I was wearing a Sporting jersey and at first was reluctant to take off my jacket, but in the end decided to risk it.
What I thought would be seen as a provocation turned out to be the perfect ice breaker and soon enough we were toasting with Poltava fans, some of the nicest I’ve met.
We were able to communicate despite their broken English and our non-existent Ukrainian – all we knew were a few words in Russian, which they understood, but politely translated into Ukrainian.
They offered us a scarf, designed especially for the game, with the shields of both team and, to show our appreciation, we ordered a round of vodka shots.
Our newfound friends promptly accepted but demanded that we drink the Ukranian way.
One of them rushed out of the restaurant only to come back a couple of minutes later with a plastic container full of homemade cold salo – white pork fat, which is one of Ukraine’s national dishes – and a bag of radishes. We were to nibble on the salo and the radishes while enjoying the vodka.
‘See you in Lisbon’
Before we allowed the drinking to get out of hand we made our way to the Vorskla stadium, a small old style venue, similar to the ones I used to go to back in Lisbon in the early 1990s.

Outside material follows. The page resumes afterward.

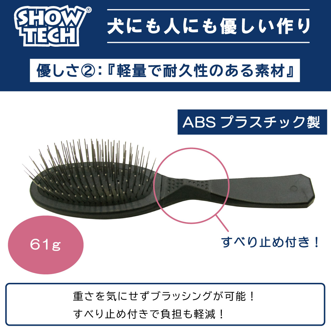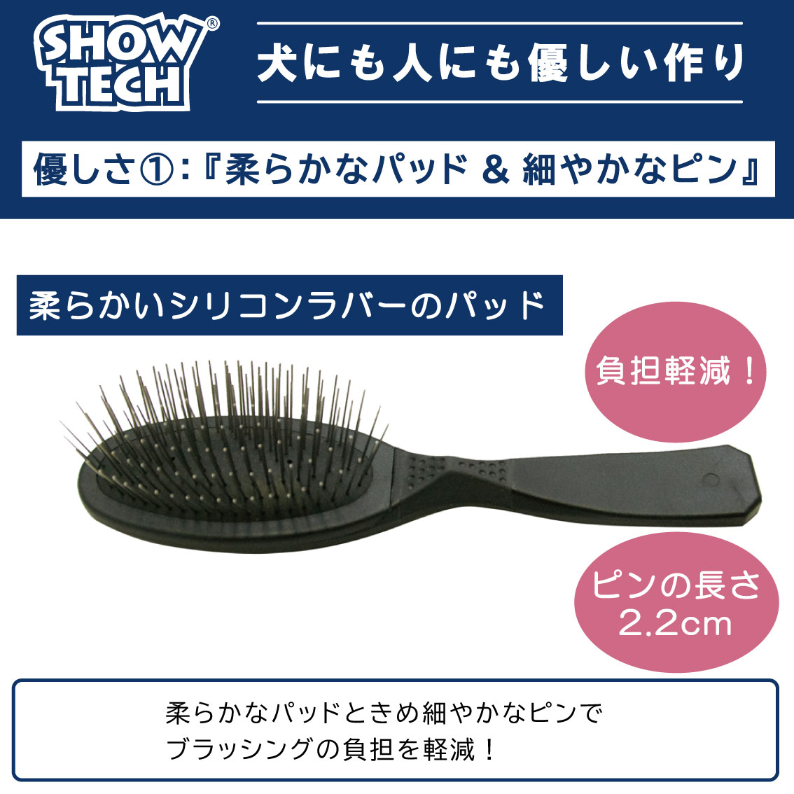 ●柔らかいシリコンラバーパッドときめ細かなピンがブラッシングによる疲労を軽減します。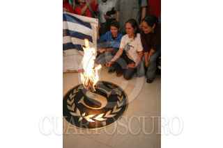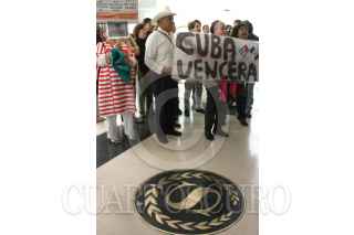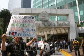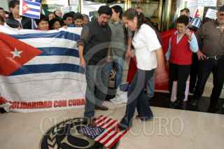 MEXICO, D.F. 07FEBRERO2006.- Un grupo personas clausuraron de forma simbólica el Hotel Sheraton Ciudad de México, en protesta por la expulsión de la delegación cubana. FOTO: Pedro Marrufo/CUARTOSCURO.COM

It didn’t have any cover and on a night as cold as that one, we certainly learned what a difference that makes. We made our way to the main central stand and soon realized we were but two drops in a sea of Ukrainian supporters.
The stadium was only half full so we could see four or five other Sporting supporters, in the visitors stand on one of the opposite corners, but that was it.
Poltava scored first and the crowd erupted around us, but both teams were playing lacklustre football. In the end, Sporting scored two late goals (in the 90th and 93rd minute) and stole the win.
Given the hospitality we’d been shown we quietly – and respectfully – celebrated among heartbroken Poltava fans. We returned to the same restaurant we had been to before the game, only to be reunited with the friends we had met earlier.
They congratulated us on the win, we told them they had deserved it the most and we picked up where we had left off.
The evening went on long into the night and two of them, Barik and Kaban, saved their names and numbers on my phone and told us they would be making a trip similar to ours: “See you in Lisbon,” they said. “We’re going to drive there.”